To tylko chwilowa zamieć na moje oczy... Dlaczego więc widziałam jego spojrzenie tak wyraźnie? Tak obca, jak... To źle.
- Do zobaczenia Dori… – Z uśmiechem na twarzy odszedł korytarzem z kluczem w kieszeni.
    Nie pamiętam, jak wróciłam do dormitorium. Rzuciłam się na łóżko, które zaskrzypiało cicho jak mruczący kot. Właśnie Miłość usiadła mi przy ramieniu.
- O czym myślisz? – zapytała szeptem Jenny. Uśmiechnęłam się do siebie znów; bardziej swobodnie. Patrzyłam w gwiazdy za oknem.
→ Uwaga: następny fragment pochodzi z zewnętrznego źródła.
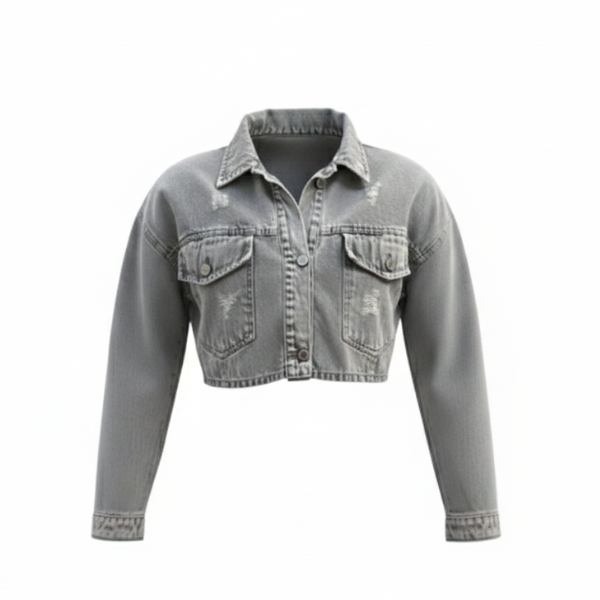 کت جین زنانه زاپ دار طوسی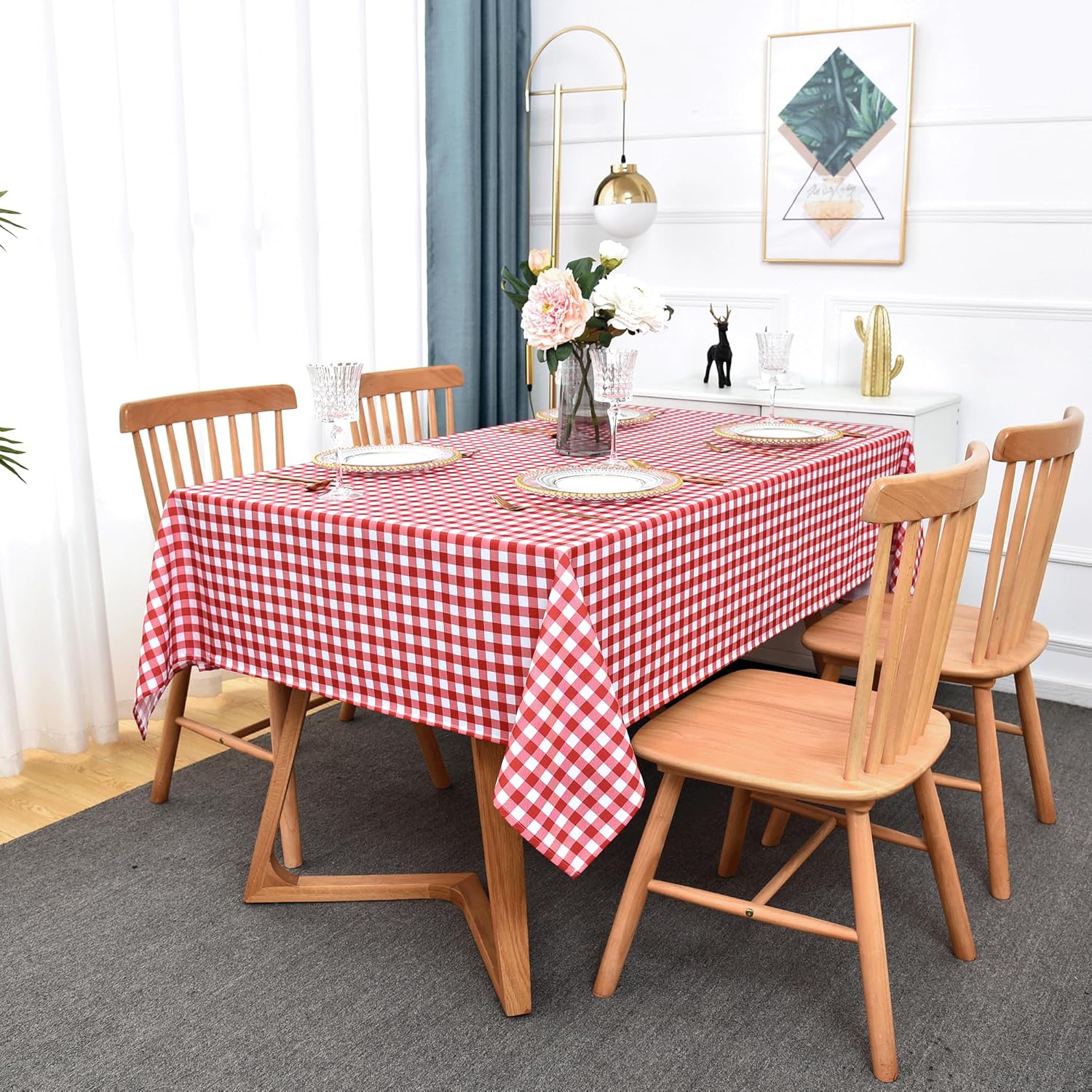 - CLASSIC GINGHAM CHECKERED DESIGN: Our checked tablecloth features a pattern of small, evenly spaced checks in two contrasting colors, often white and another color. The classic gingham plaid pattern for table cloth is a timeless and versatile choice

Te same, które wirowały, gdy spadały meteoryty. Moje oczy były rozświetlone, jak Gwiazda Poranna – niech pada kochany, niech się dzieje co chce… I tak b ę d z i e m y naprawdę. W innym wszechświecie.
- O tym, że najważniejsze w życiu to to, żeby gonić uciekające motyle…
    To wszystko nie powinno się zdarzyć… Między "powinno", a "musiało" jest wieczna, bezdenna przepaść.